Dexter James Kerstetter (December 21, 1907 - July 9, 1972) was a United States Army soldier and a recipient of the United States military's highest decoration—the Medal of Honor—for his actions in World War II.

==Biography==
Kerstetter joined the Army from his birthplace of Centralia, Washington in March 1942, and by April 13, 1945, was serving as a private first class in Company C, 130th Infantry Regiment, 33rd Infantry Division. On that day, during a fight to take a ridge near Galiano, Luzon, the Philippines, he advanced ahead of his squad and engaged the Japanese soldiers alone until running out of ammunition. For these actions, he was awarded the Medal of Honor seven months later, on November 1, 1945. He was discharged from the army with the rank of sergeant in August 1945. He later served in the Washington National Guard, reaching the rank of major. Kerstetter drowned in a boating accident while fishing for salmon in the Hood Canal.
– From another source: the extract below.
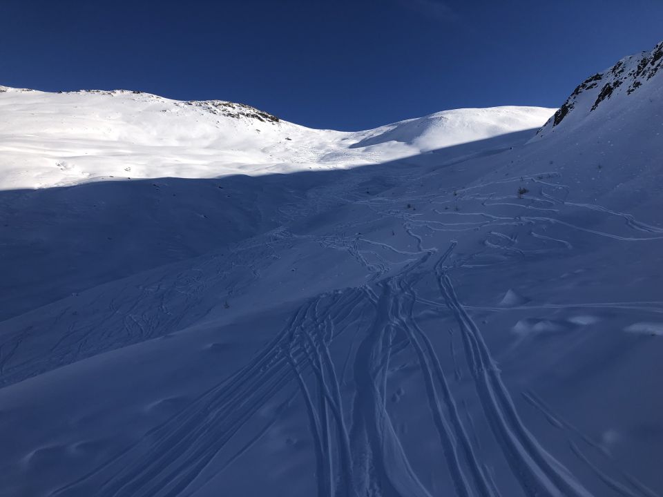 Traumwetter und Schnee in der unteren Hälfte kaum fahrbar. Dafür ostseitig des Gipfels in der Talrinne perfekt!

==Medal of Honor citation==
Private First Class Kerstetter official Medal of Honor citation reads:
He was with his unit in a dawn attack against hill positions approachable only along a narrow ridge paralleled on each side by steep cliffs which were heavily defended by enemy mortars, machineguns, and rifles in well-camouflaged spider holes and tunnels leading to caves. When the leading element was halted by intense fire that inflicted 5 casualties, Pfc. Kerstetter passed through the American line with his squad. Placing himself well in advance of his men, he grimly worked his way up the narrow steep hogback, meeting the brunt of enemy action. With well-aimed shots and rifle-grenade fire, he forced the Japs to take cover. He left the trail and moving down a cliff that offered only precarious footholds, dropped among 4 Japs at the entrance to a cave, fired his rifle from his hip and killed them all. Climbing back to the trail, he advanced against heavy enemy machinegun, rifle, and mortar fire to silence a heavy machinegun by killing its crew of 4 with rifle fire and grenades. He expended his remaining ammunition and grenades on a group of approximately 20 Japs, scattering them, and returned to his squad for more ammunition and first aid for his left hand, which had been blistered by the heat from his rifle. Resupplied, he guided a fresh platoon into a position from which a concerted attack could be launched, killing 3 hostile soldiers on the way. In all, he dispatched 16 Japs that day. The hill was taken and held against the enemy's counterattacks, which continued for 3 days. Pfc. Kerstetter's dauntless and gallant heroism was largely responsible for the capture of this key enemy position, and his fearless attack in the face of great odds was an inspiration to his comrades in their dangerous task.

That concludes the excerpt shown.